SEJONG, May 29 (Yonhap) — Top economic policymakers and heads of state-run creditor banks on Friday discussed a self-rescue plan submitted by cash-strapped Doosan Heavy Industries & Construction Co., the finance ministry said Friday.
Two state-run creditors — the Korea Development Bank and the Export-Import Bank of Korea — have been in talks with Doosan Group, the parent of Doosan Heavy, on a debt restructuring plan for the builder of turbines, power plants and roads.
During the Friday meeting, the creditors briefed economic policymakers, including Finance Minister Hong Nam-ki, on the debt restructuring plan, the ministry said in a statement.
Under the plan, Doosan Heavy will launch a “large-scale” rights offering and sell non-core assets, according to the statement.
Doosan Heavy will also transform its business portfolio into “eco-friendly” businesses, it said.
The creditors expected the debt restructuring plan to help Doosan Heavy stand on its own feet, the statement said.’
Doosan Group has put its affiliates and assets, such as Doosan Solus Co., a copper foil maker for electric vehicles, and Doosan Tower, the group’s headquarters building in Seoul, up for sale.
The sale of Doosan Solus is expected to fetch between 700 billion won (US$565.2 million) and 800 billion won, but Doosan Group wants at least 1 trillion won from the asset sale.

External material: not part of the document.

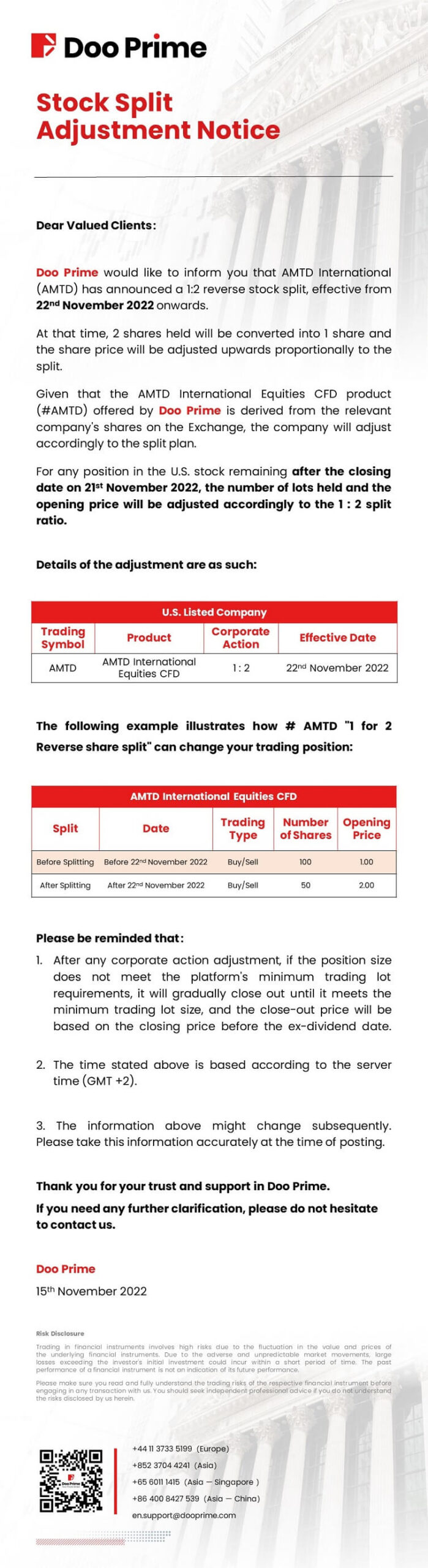 Doo Prime Stock Split Adjustment Notice

It has been widely said that Doosan Heavy suffered setbacks in business as the outbreak of the new coronavirus and the poor performance of its construction affiliate, Doosan Engineering & Construction Co., dented Doosan Heavy.
Another reason for the setback has been reported to be the shift of the country’s energy policy from nuclear and fossil fuel-based power generation to renewable energy sources, such as solar power.